Microsoft has shared a workaround for a known issue affecting Microsoft 365 customers and causing classic Outlook to crash after opening or when starting up in Safe mode.
Impacted users can confirm if they’re affected by this specific issue by looking for Event 1000 or Event 1001 crashes in the Windows Event Viewer Application Log with 0xc0000005 exception codes linked to the faulting module ucrtbase.dll.
Based on user reports, the crashes impact only Office 365 accounts, and they cannot be solved by reverting to the previous build, creating a new Outlook profile, or even after a Windows clean install.
After investigating this, Redmond says the issue is linked to Microsoft 365 email accounts and corrupted mailbox client and server rules.
“After updating to Version 2407 Build 17830.20138 or higher you find that Outlook may unexpectedly close at start up. Outlook will also close if you test in Safe Mode,” the company said in a support document published on Friday.

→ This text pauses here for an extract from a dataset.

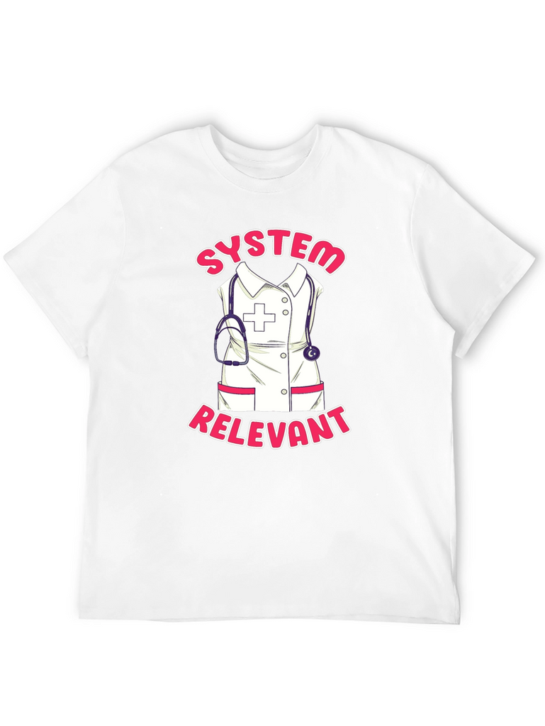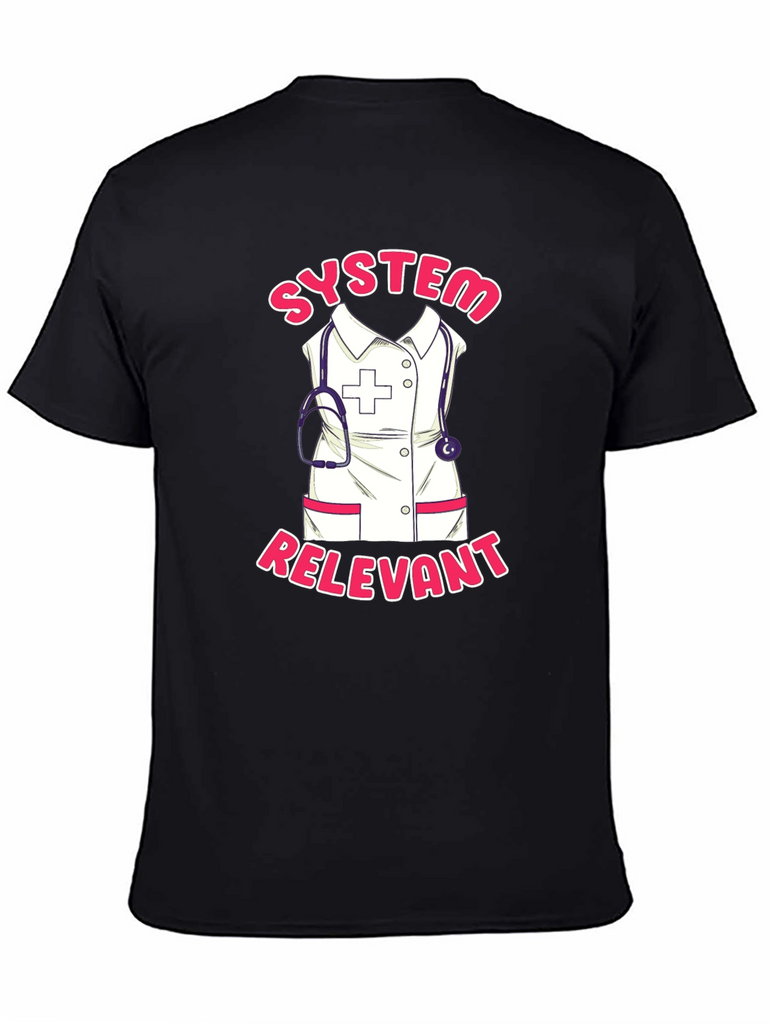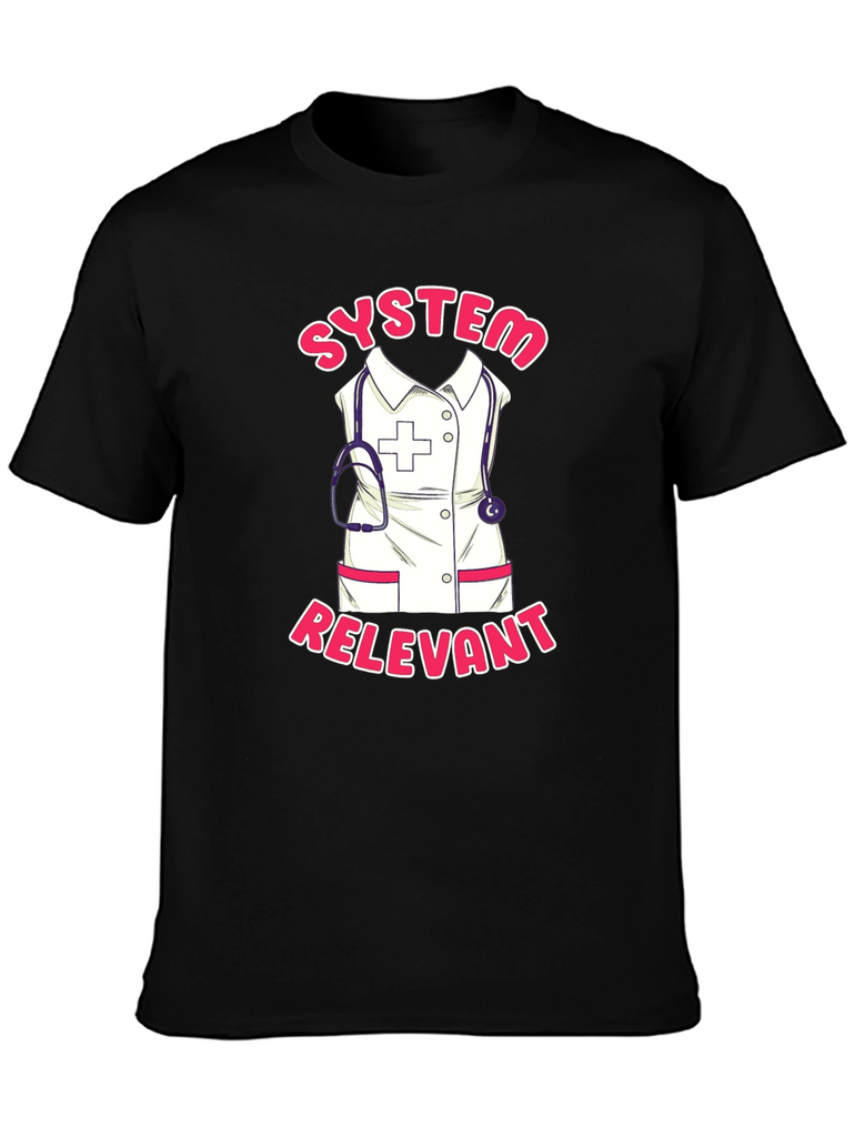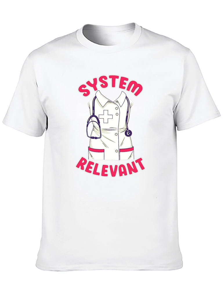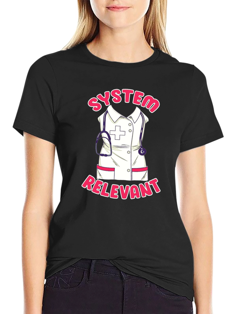 Show your support for nurses with this unique graphic t-shirt. The design features a stylized nurse uniform with a stethoscope, overlaid with the text "System Relevant". Made from comfortable, breathable fabric, this t-shirt is perfect for casual wear, medical professionals, or anyone who wants to show appreciation for healthcare workers. The bold graphic makes a statement, and the classic fit ensures a comfortable and flattering look. Wear it to work, events, or simply around town. A great gift idea for nurses and medical staff.

“This issue has been found to occur if the server-based rules for the M365 email account are corrupted or that Outlook cannot process.”
Until an official fix is released for this issue, Microsoft provides a temporary workaround requiring classic Outlook users to delete all email rules linked to their accounts manually.
To do that, you will have to:
- To remove the client and server rules, run the “clean rules” command line by closing Outlook, right-clicking the Windows Start button, selecting Run, and running an ‘Outlook.exe /cleanrules’ command.
- Hold the Shift key when starting Outlook to create a new profile, but only if necessary. On the Profile Picker dialog, click Options, check “Prompt a profile to be used,” then click “New” and proceed through the prompts (official guidance is available here).
- If you still have the issue, go to Outlook Web Access and manually remove all the email rules.
This week, Redmond also shared a workaround for an issue blocking Microsoft 365 customers from signing in or adding Gmail accounts in classic Outlook.
Three days later, the company also provided a temporary fix for an issue causing Microsoft 365 apps like Outlook, Word, and OneNote to crash while typing or spell-checking a text.